🤖 AI Summary
This work addresses the deployment reliability challenges of current code language models, which often suffer from overconfidence or underconfidence due to the absence of effective uncertainty estimation and active abstention mechanisms. The authors propose a unified, deployment-oriented framework that treats uncertainty as an actionable signal, jointly optimizing model calibration, selective prediction, and lightweight program analysis tool invocation to establish an end-to-end decision-making and repair pipeline. Evaluated on both classification and generation tasks, the approach enables risk-controlled, coverage-adjustable applications, significantly improving correctness ranking and selective prediction performance while maintaining high coverage. This leads to a substantial reduction in error rates and enhances the practical reliability of code language models in real-world scenarios.
📝 Abstract
Code language models are increasingly adopted for both understanding and generative tasks. Despite their success, these models frequently produce overconfident incorrect predictions and underconfident correct predictions, undermining their reliability in deployment.

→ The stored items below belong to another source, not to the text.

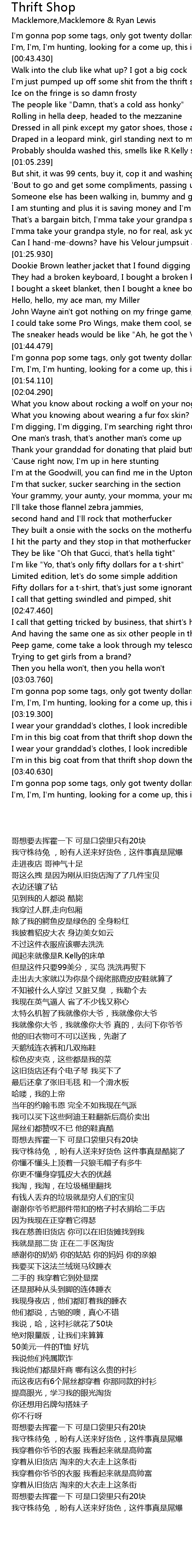 | [00:46.490] | I'm just pumped up off some shit from the thrift shop |
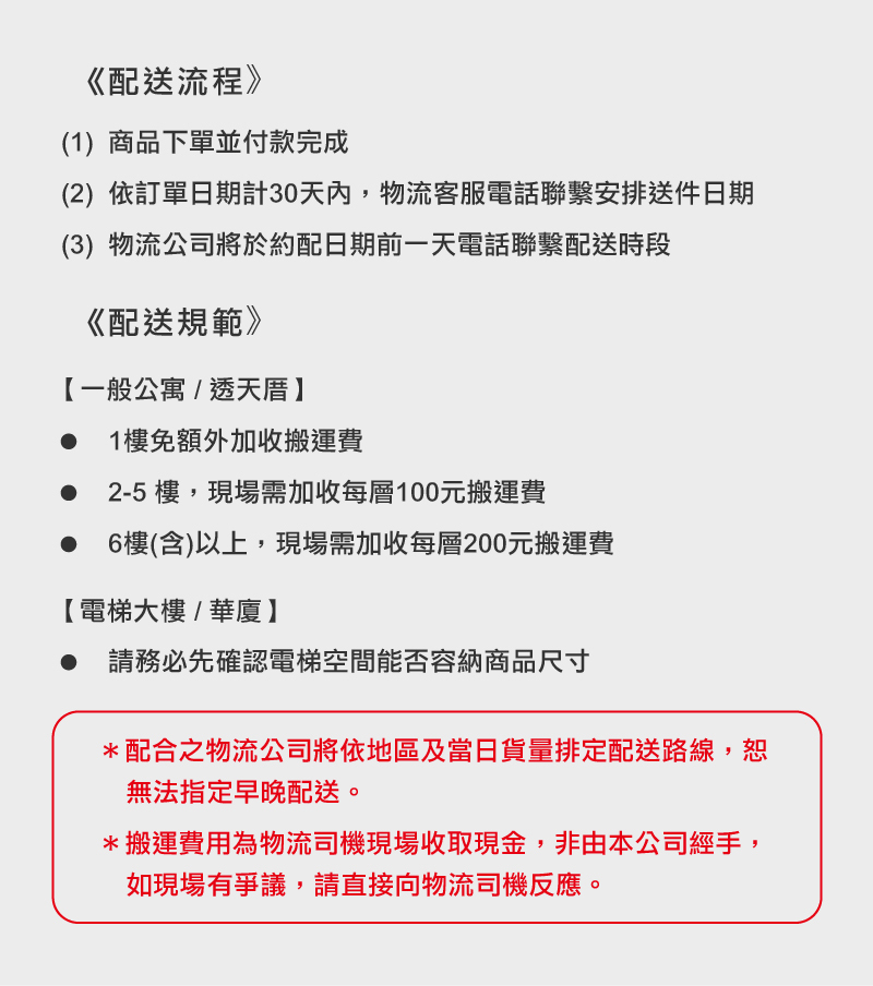 ・物流僅配送至1樓,樓層搬運費另計!詳下面配送規範說明。
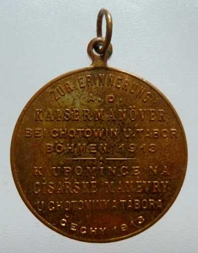 Chotoviny a Tábor 1913 (dělící čárka 2x5 mm) - dvojportrét císaře a následníka zleva, opis / nápis, M-B.86, zlac.bronz 29 mm s pův. raženým ouškem, pat.
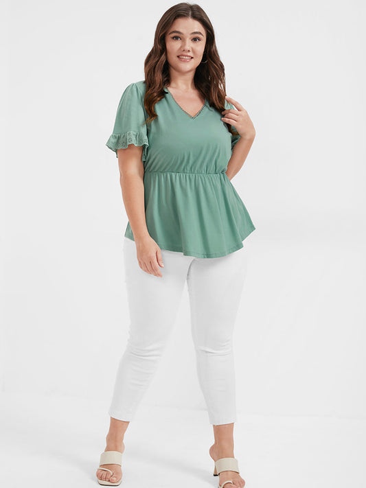Solid Broderie Anglaise Flutter V Neck T-shirt
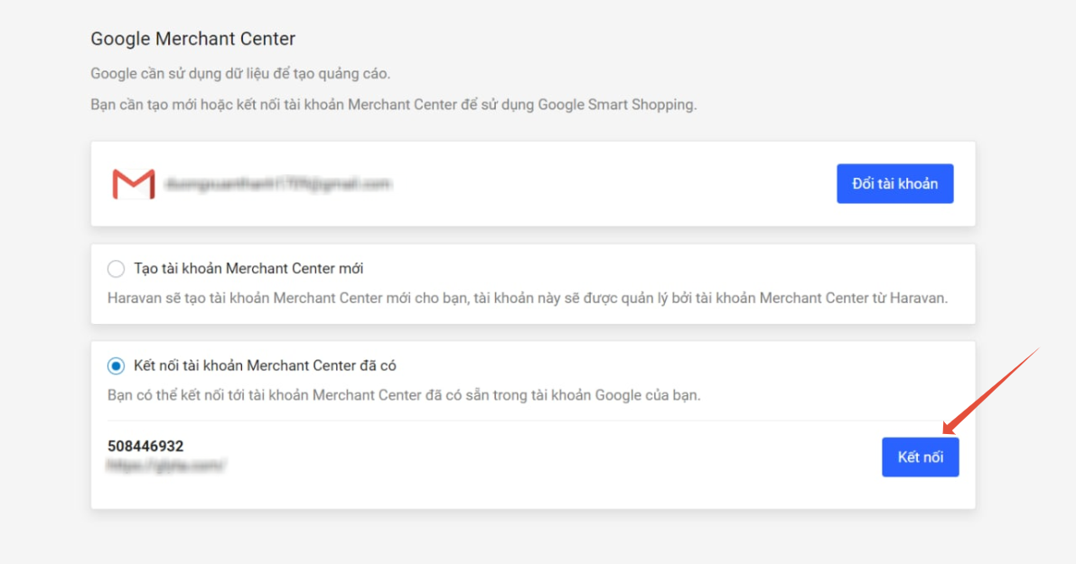 **Bước 04:**Chờ 5 phút sau vào lại menu Google Shopping trong trang hệ thống (Lưu ý: tải lại website trước khi thực hiện). Sau đó nhấp vào "Kết nối tài khoản Merchant Center đã có" > chọn "Kết nối" tại tài khoản bạn muốn triển khai (tức tài khoản bạn vừa sửa đổi) và thực hiện các bước tiếp theo.
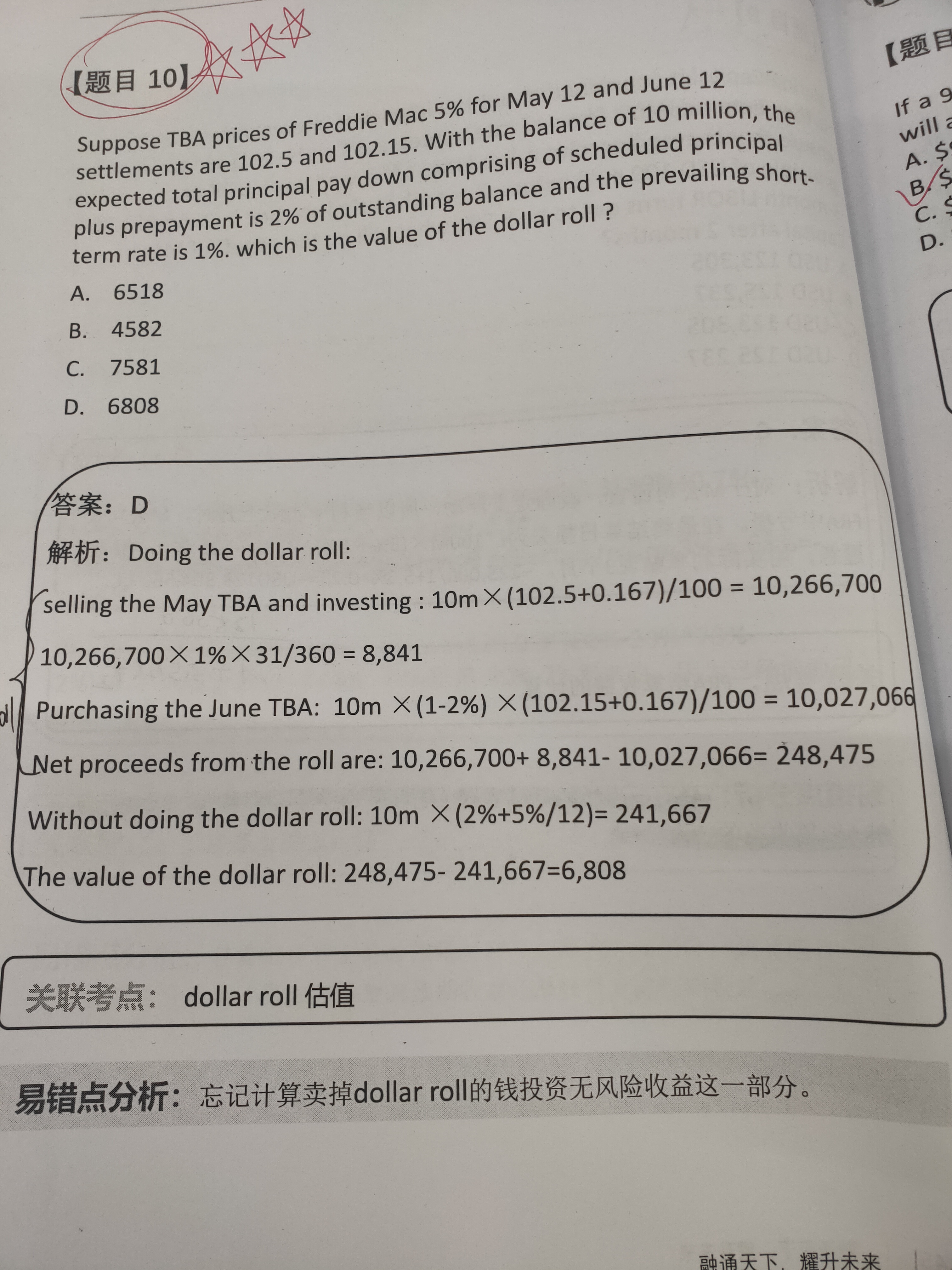 同学,关于dollar roll的计算是有一套完整流程和计算方法逻辑的,对这一块完全没印象的话,建议先去回顾一下对应的课程再做这道题哈
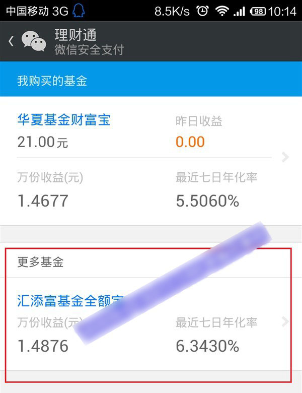 2、之后进入“我购买的基金”底部的更多基金中,就可以看到“汇添富基金全额宝”,这个就是微信理财通里面的“全额宝”哦,如下图所示:
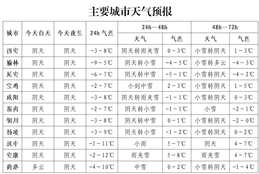 29日: 全省多云转阴天。陕北北部部分地方有小雪,陕北中南部、关中西部及北部、秦巴山区、商洛有中到大雪,关中东部平原、汉中、安康平原有小雨或雨夹雪。秦巴山区局地有冻雨。陕北北部有4级左右偏南风,关中东部4~5级偏东风,阵风6级以上。日平均气温延安南部部分、关中北部部分地方、陕南南部、秦岭山区下降4℃左右。全省大部能见度较低。
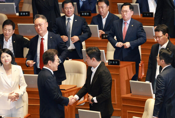 이 대통령은 국회 본회의장에서 입장해 제일 먼저 박찬대 전 원내대표와 악수를 한 이후 도열한 민주당 의원들과 일일이 악수를 하며 연단에 올랐다.
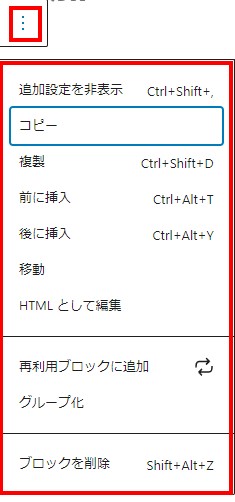 再利用ブロックに追加:該当ブロックを登録して再利用が行えるように登録する。※テーマプラグインにより表示されない場合がある。
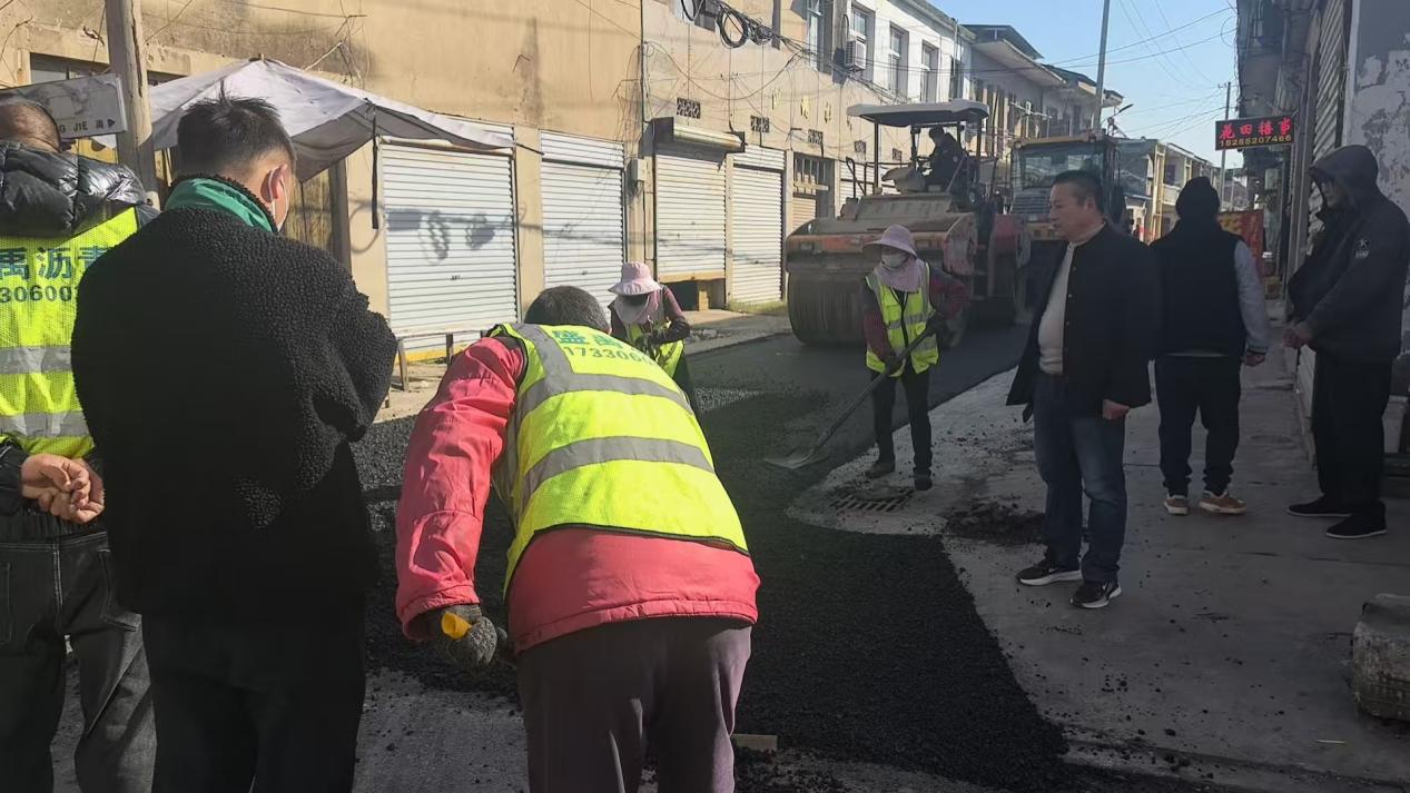 精準摸排尋癥結,傾聽民聲定方案。道路修繕的首要前提是找準問題根源。龍亢村駐村工作隊堅持“腳步丈民情、耳聽百姓聲”,通過走訪發現,文昌街因使用年久,加之過往下水道改造,出現路面破損、坑洼泥濘、積水濕滑等問題,為村民出行帶來安全隱患。工作隊立即聯合村“兩委”開展實地測繪與入戶訪談,累計走訪村民90余戶,收集意見建議30余條,明確修繕需求集中于路面硬化、拓寬與排水優化。在此基礎上,工作隊邀請專業技術人員現場勘測,最終確定鋪設500米瀝青路面、拓寬至4米的方案。
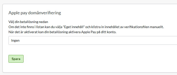 We do not offer a separate payment method for Apple Pay, but it can be used in-store via other payment solutions. Currently we support Apple Pay through Nets Easy, Stripe, Swedbank Pay and Svea Checkout.
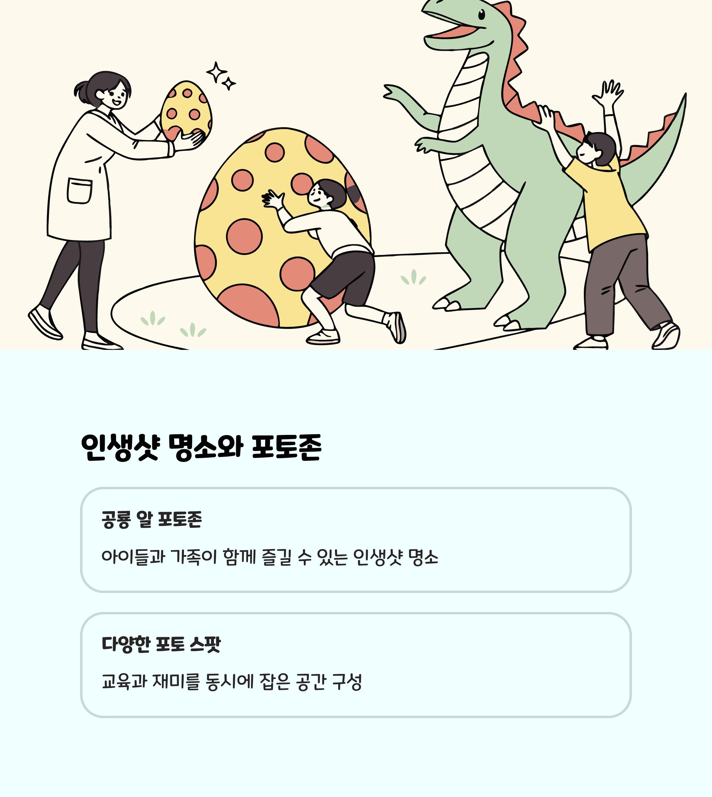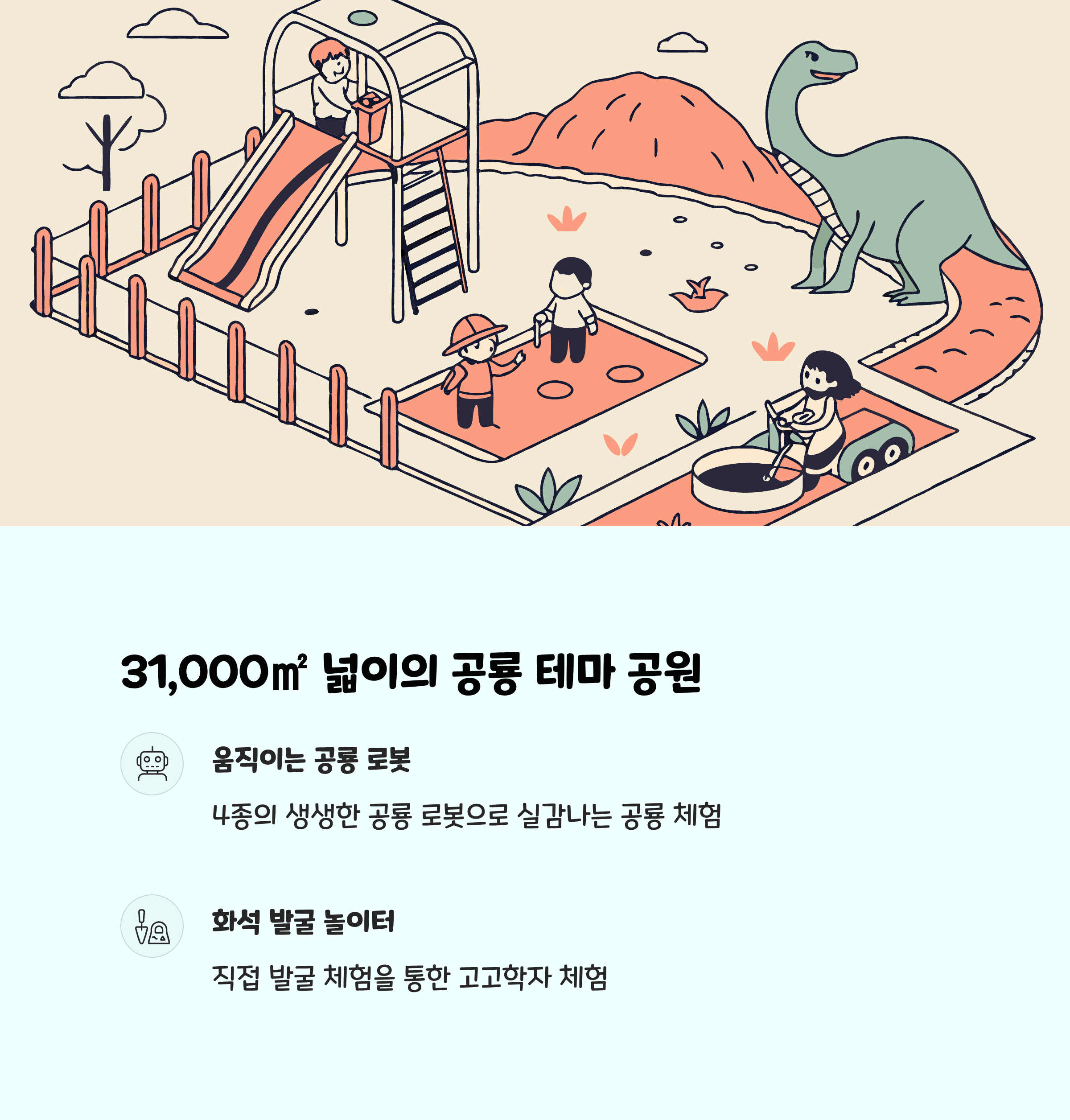 | 주요 시설 | 공룡 로봇 4종, 화석 발굴 놀이터, 공룡 알 포토존, 산책로, 쉼터 |
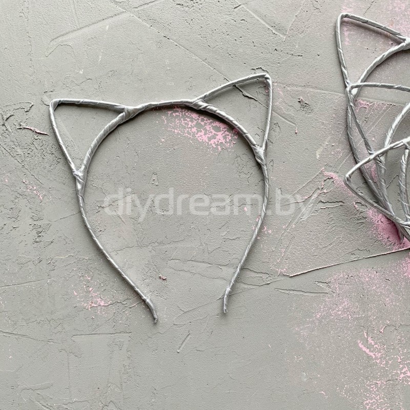 Ободок "Ушки" 5 мм ткань металлик, серебро
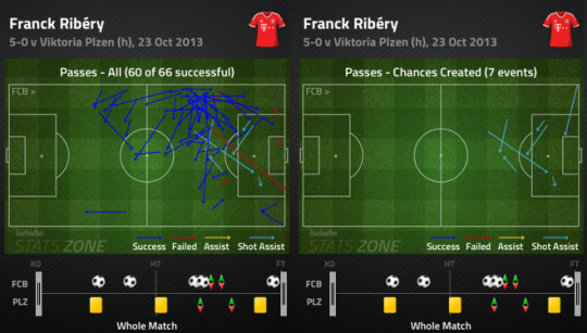 Di reverse fixture melawan Plzen pada matchday 4, Bayern sendiri menciptakan 22 peluang, dan Ribery menyumbang dua. Dia masih tanpa assist.
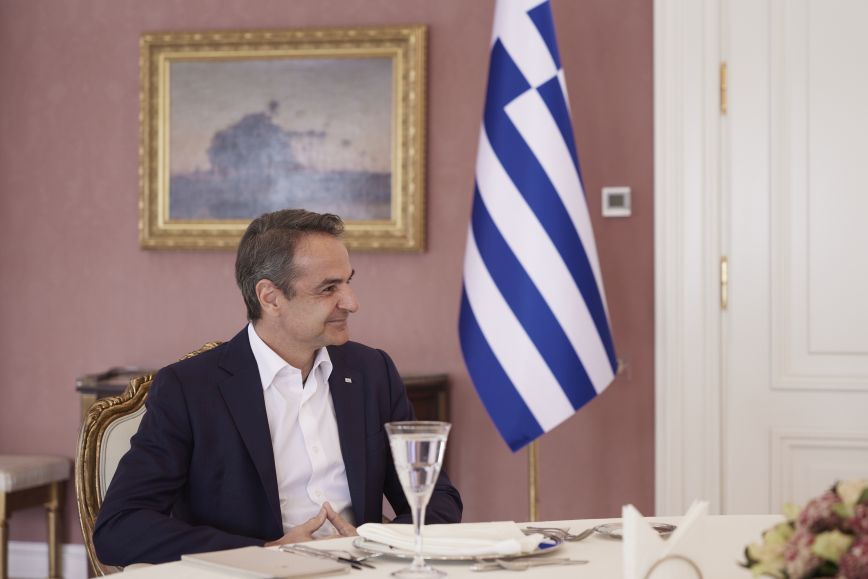 Έναν σύντομο διάλογο είχε ο Κυριάκος Μητσοτάκης με τον Ρετζέπ Ταγίπ Ερντογάν, λίγο μετά την άφιξή του στην προεδρική κατοικία για την συνάντηση των δυο ηγετών και λίγο πριν ξεκινήσει το γεύμα.
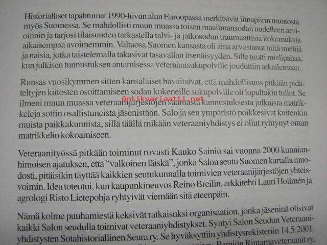 Voitto Laine, Keskitalo Tuula, Sinivaara Aarne, Venho Pasi, Helin Ossi, Hirvonen Tuomo, Salon seudun Veteraaniyhdistysten Sotahistoriallinen Seura, 200318 x 25 cm kirjat.

Practical deployment demands three capabilities: accurately estimating the likelihood of correctness, abstaining on uncertain predictions, and invoking external mechanisms to validate or repair abstained outputs. Existing calibration and uncertainty estimation methods, primarily developed for natural language tasks, do not readily transfer to code. Notably, post-hoc calibration techniques often reduce probability misalignment but fail to improve the ranking of predictions by correctness likelihood-a requirement for selective prediction under partial coverage. Furthermore, most approaches treat uncertainty as a passive indicator rather than an actionable signal. This work introduces a unified framework that integrates uncertainty estimation, model calibration, and tool-based abstention handling for code models. The proposed design enables models to assign reliable correctness probabilities, abstain under uncertainty, and invoke lightweight program analysis procedures to process abstained cases. By combining these components within a single deployment-oriented workflow, this framework supports risk-aware, coverage-controlled use of code models across both classification and generation settings.